## Exercise goal:
Word for word, copy the lines beginning at the one with "Coloca este cuadro" and ending at the last line below; pictures stay out.

## Input data:
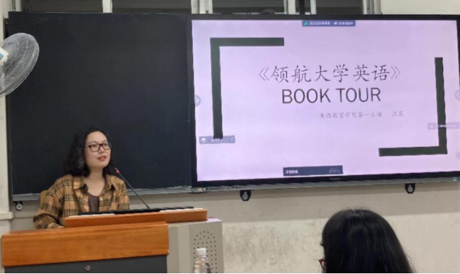 随后,董金伟教授分享了《领航大学英语》教材的总体编写思路。首先,《领航大学英语》注重多模态的语言输入,每个单元以听力和视频资料作为导入,编写过程着重设计了适合不同语言能力水平的课堂活动,不是简单地为课文列出生词和语法点,而是清晰地给出所有课堂活动开展的步骤,节省教师写教案所花费的时间。其次,课文的选取突出中华文化元素,培养员工讲好中国故事,配套的同步练习充分体现用所学词汇短语介绍中国文化习俗的能力。
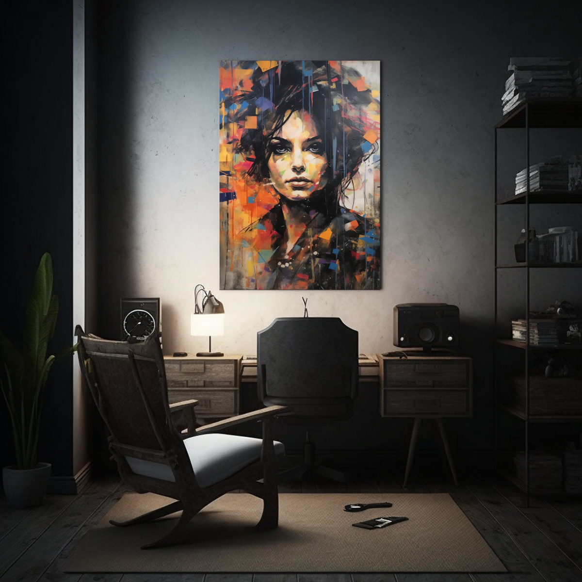 Coloca este cuadro en tu sala de estar para crear un contraste entre la expresividad de la mujer y la caótica ciudad Combínalo con muebles en tonos neutros y accesorios decorativos en colores similares para lograr una armonía moderna y sofisticada
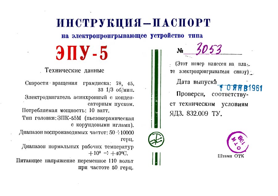Электропроигрывающее устройство "ЭПУ-5" выпускалось возможно с 1958 года. "ЭПУ-5" устанавливалось например в радиолу "Беларусь-59". Инструкция по эксплуатации.

## Your response:
 Coloca este cuadro en tu sala de estar para crear un contraste entre la expresividad de la mujer y la caótica ciudad Combínalo con muebles en tonos neutros y accesorios decorativos en colores similares para lograr una armonía moderna y sofisticada
Электропроигрывающее устройство "ЭПУ-5" выпускалось возможно с 1958 года. "ЭПУ-5" устанавливалось например в радиолу "Беларусь-59". Инструкция по эксплуатации.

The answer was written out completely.